From the MS-OVBA spec [1], a value of 0x0002 corresponds to a PROJECTLCID Record (section 2.3.4.2.1.2). The size of this record must be 0x00000004 according to the spec. See an example [2].
LCID is an abbreviation for language code identifier, "a 32-bit number that identifies the user interface human language dialect or variation that is supported by an application or a client computer" [3].
Is the 67116544 bytes number referring to the length of the PROJCTLCID record?
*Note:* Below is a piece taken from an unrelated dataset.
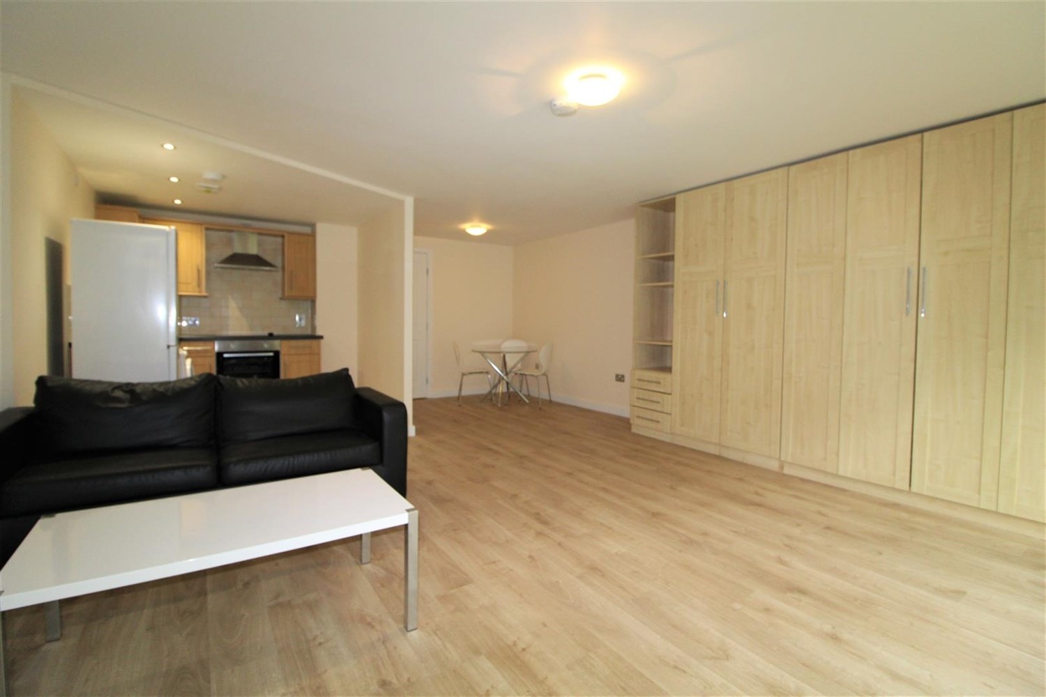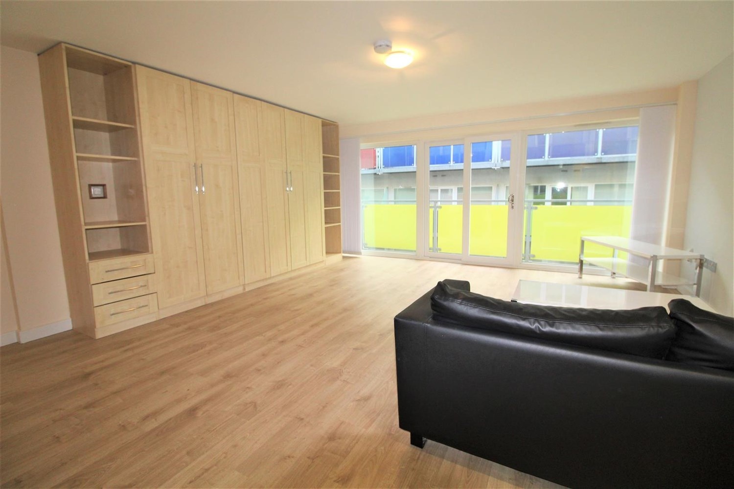 Large open space with access to balcony, Bedroom area has a large built in cupboard where the double bed can be stored away. Kitchen area is fitted with a range of wall and base units with worktops over, stainless steel sink with mixer tap, Part tiled.

[1] https://msdn.microsoft.com/en-us/library/office/cc313094(v=office.12).aspx
[2] https://msdn.microsoft.com/en-us/library/dd952163(v=office.12).aspx
[3] https://msdn.microsoft.com/en-us/library/dd908523(v=office.12).aspx#gt_c7f99c66-592f-4053-b62a-878c189653b6

I did not commit the doc file though. Would you be able to extract the vbaProject.bin out of this malicious document? I'd feel more comfortable committing a file that can't execute itself. Probably the easiest way to get this file is to use Word to save-as to docm, then rename the docm with a .zip extension, and then pull out the file named vbaProject.bin.

FYI, I think the infected file can only harm Windows computers, as the document contains 3 macros that call powershell.exe on document open. Nonetheless, please exercise caution.

It may also be helpful to see what POI can read from the document using org.apache.poi.poifs.dev.POIFSDump.main. Keep in mind that the extracted files will contain ascii and non-ascii characters, as the extracted files are likely run-length encoded.
Comment 2 brooke 2016-07-11 18:49:33 UTC
I believe I was able to successfully extract the vbaProject.bin, using the suggested procedure.

I also ran POIFSDump.main on the problem doc file. I zipped the directory that it generated and attached it to this bug report.

Let me know if there is anything else I can do to help track this down.

Thanks!
Comment 3 brooke 2016-07-11 18:51:00 UTC
Created attachment 34030 [details]
The vbaProject.bin file found after saving as a .docm using Word
Comment 4 brooke 2016-07-11 18:51:52 UTC
Created attachment 34031 [details]
The results of running org.apache.poi.poifs.dev.POIFSDump.main on the problem document.
Comment 5 Tim Allison 2016-10-18 15:49:38 UTC
r1765468

Thank you for extracting the malicious payload!

I found a non-malicious file in govdocs1 that triggered the same exception.

Please re-open if this doesn't fix your problem.